I think ultimately these things are gonna become incredibly rich, right? You know, these autonomous agents that people are, you know, kinda getting excited about will become actually things that work. Uh, right now that's not the case, but if you think about the next couple years that, that, I think that will be the case.
I think all software will have this idea of, you know, my software ai or my software copilot, uh, inside of them as part of a core feature of the product. Yeah. That's so good. I mean, you hit the nail on the head in the. M'S in production report that we just put out, and I will do a shameless plug right here if anybody wants to download it free.
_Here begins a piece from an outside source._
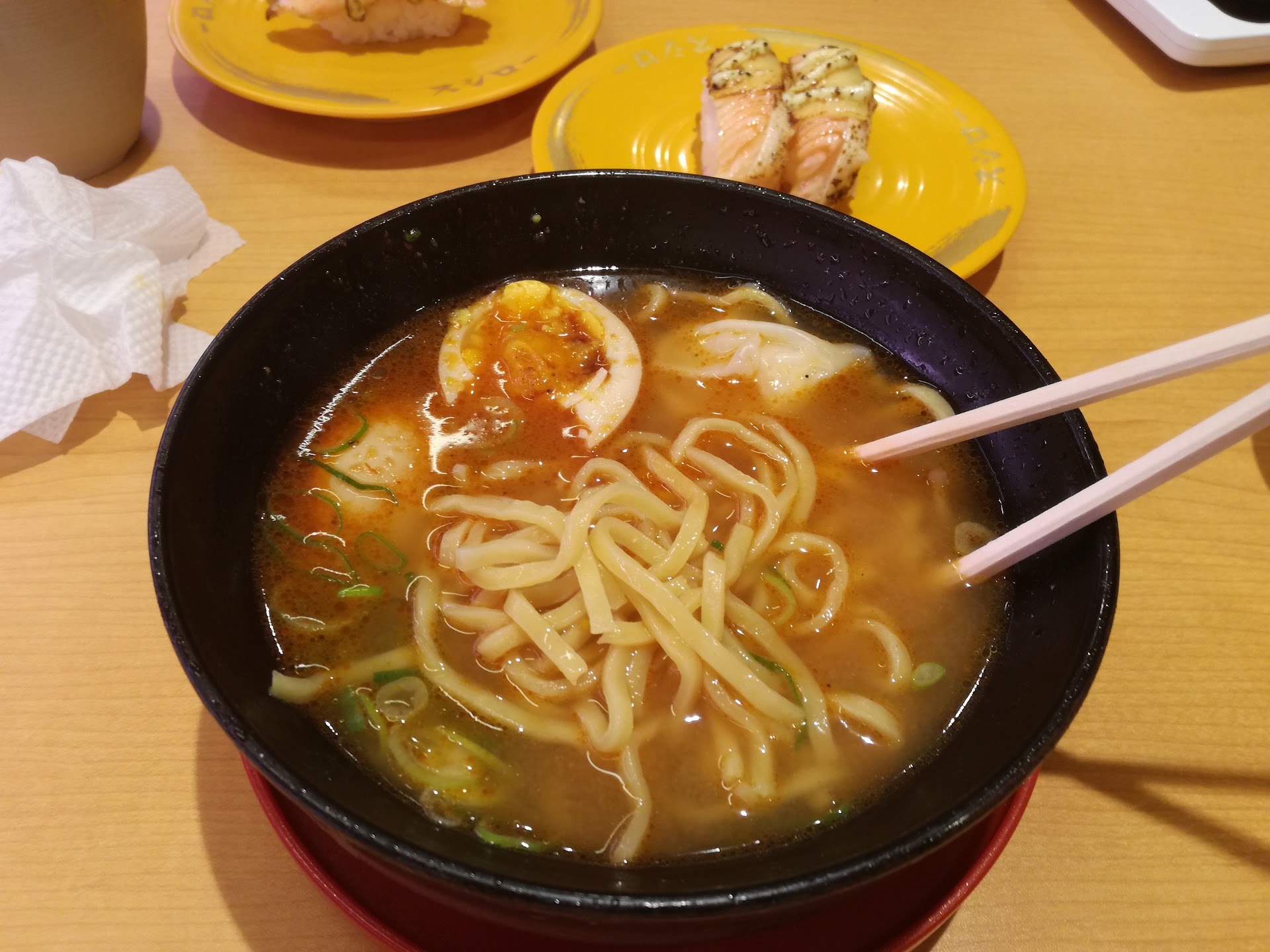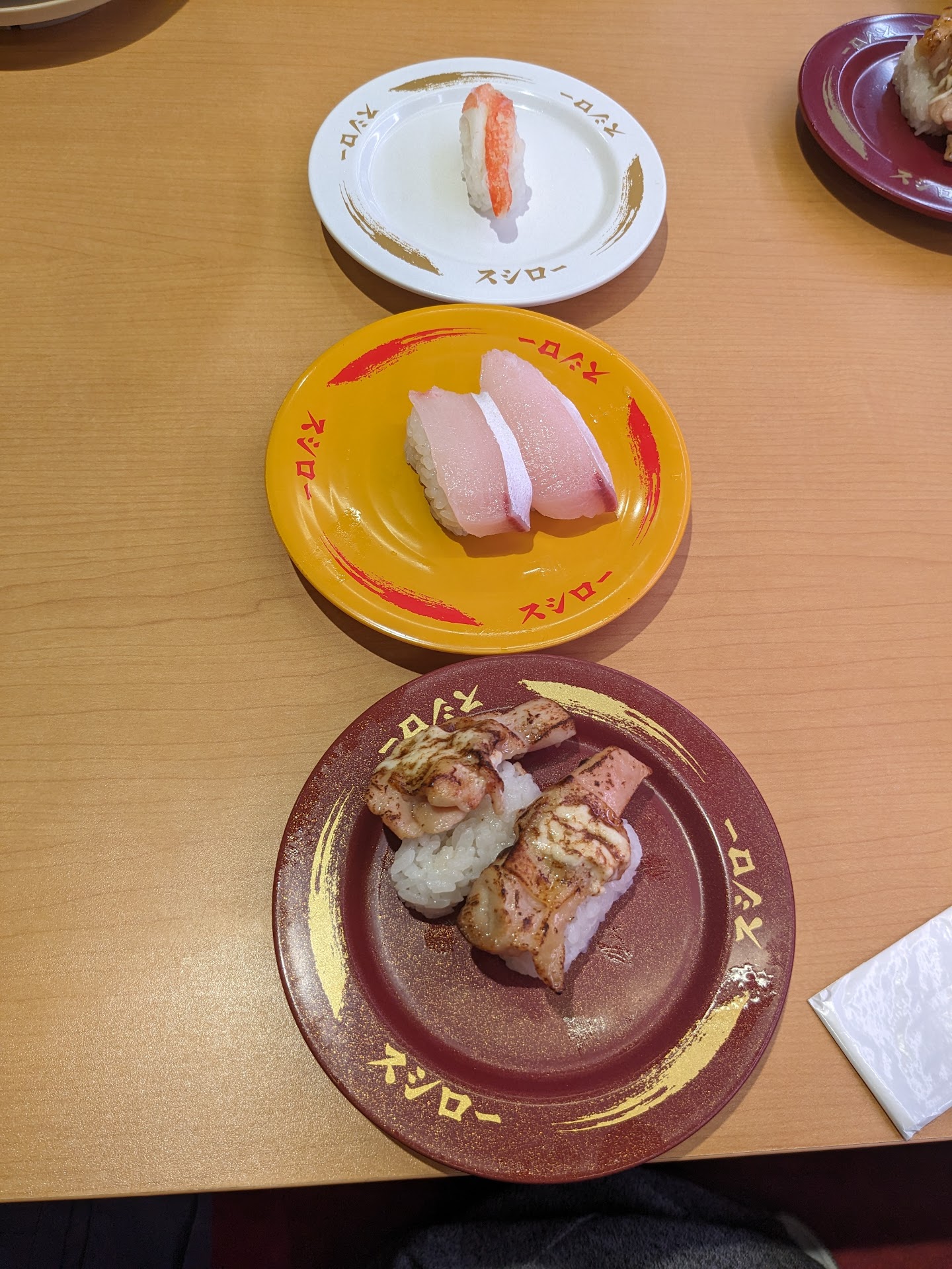 Sushiro is well worth the wait. You enter through a door on the first floor outside and then proceed down 1 set of stairs. To get a seat, you walk over to the machine and select where one the restaurant you’d like to sit: you can sit in a booth and use the conveyor, or sit in front of the sushi chefs and watch them prepare it. Once you’ve been called back (you can watch the tv screens for your number on your ticket), you then can select your language on the tablet at the table. The current languages available are Japanese, English, Korean, and if I recall correctly both Mandarin and Cantonese. Once you select your language, you can easily select which item you would like and place your order to arrive on the conveyor belt up top. You can also grab anything on the lower belt. If you have separate tickets, just keep your plates stacked separately. When the bill comes, they will wave a device over the plates to see how much to charge you. Each plate price is color-coordinated and had a chip on the underside for the device to catch the cost. After the waiter/waitress gives you your receipt, you go up front and insert the ticket to pay and either pay in yen, or with a Suica/Pasmo card, OR you can swipe your CC to pay. That’s it! Enjoy Sushiro and come back again soon! It’s delicious and well worth it! I recommend the shrimp and salmon with cheese and the salmon with basil...
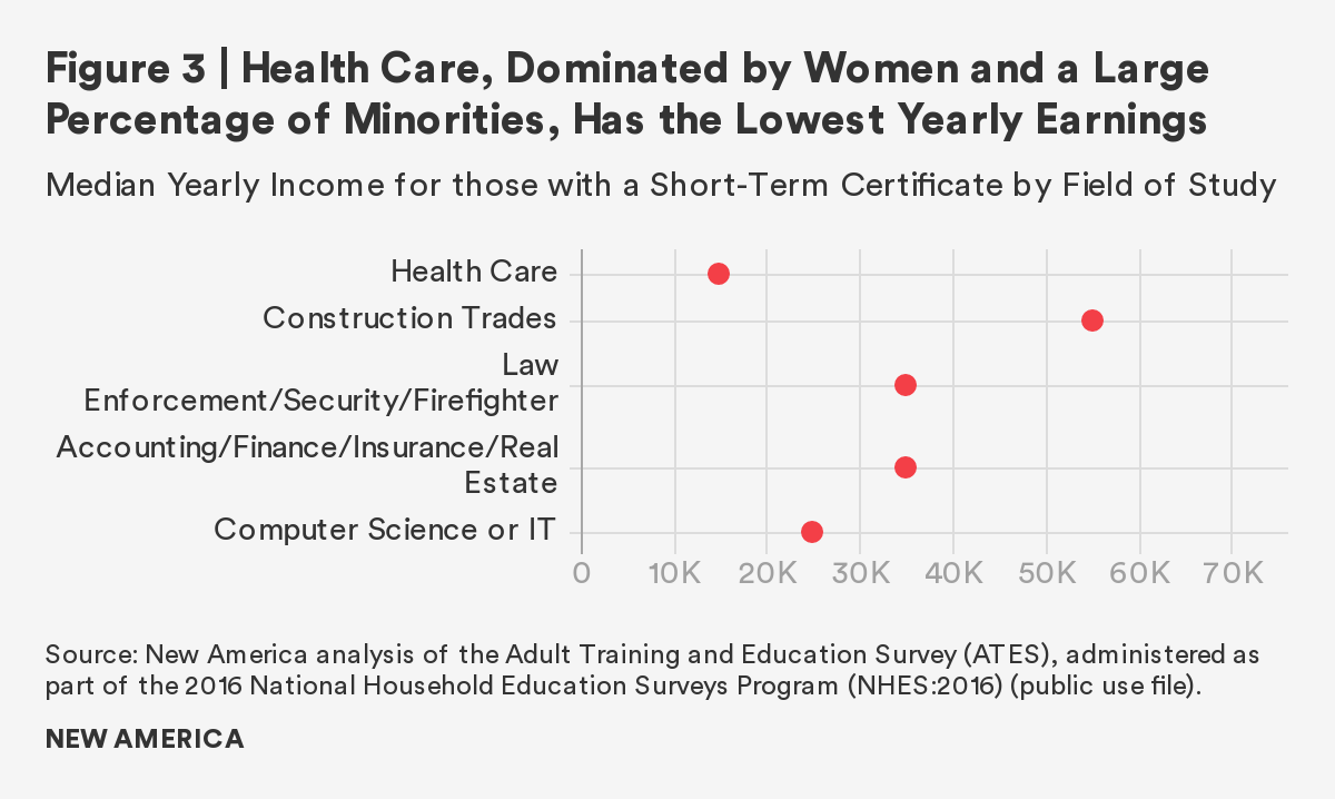 In addition, we found that adults with a short-term certificate in health care have the lowest rates of employment compared to the other four fields of study.26 Not only does a certificate of fewer than 15 weeks in health care yield very low pay, students are also at a higher risk for job instability. Stability is a benefit that many students who enroll in these programs are looking for.

No email needed or anything, but we just put this survey out, right? And it's the report that I've been grappling with this data for the last three months or so, even more probably now, and it's very much that question of what parts of my workflow get fully replaced. And what parts of my workflow get augmented and where and how do I know what each part is like?
There it is very, it's not clear at all right now. So I think we're exploring this unknown together, trying to figure out what exactly is it that is going to get replaced, what's going to get augmented, and how can we find that out? Yeah, no, absolutely. And I think it's, uh, I think it's gonna be both. I mean, I think even, you know, be, you know, you can say it'll be nine, but that's still a version of augmentation.
I will become more and more automated. A co-pilot I do think will ship more and more towards these, this fully automated, uh, uh, sort of, um, task completion. Um, but you know, you'll still interact with them potentially conversationally for sure. I think everybody will have a conversational interface and then there'll be all these, uh, sort of enhancements as well into the product.
But that all can, I think, be powered by the idea of a copilot system. Mm-hmm. You know, where that, that has that connectivity to the data, the API's making decisions, what to do. I think there's sort of unified way. Uh, to sort of think about how do you build that if you were an application builder, but we're certainly still in the early innings.
Hundred percent. Um, for sure. So, alright man, I've gone way over on time because I've loved this agent idea and I love talking to you. I'm gonna kick you off now though lovingly and I will see you when I'm in San Francisco in two weeks. Thank you. See you.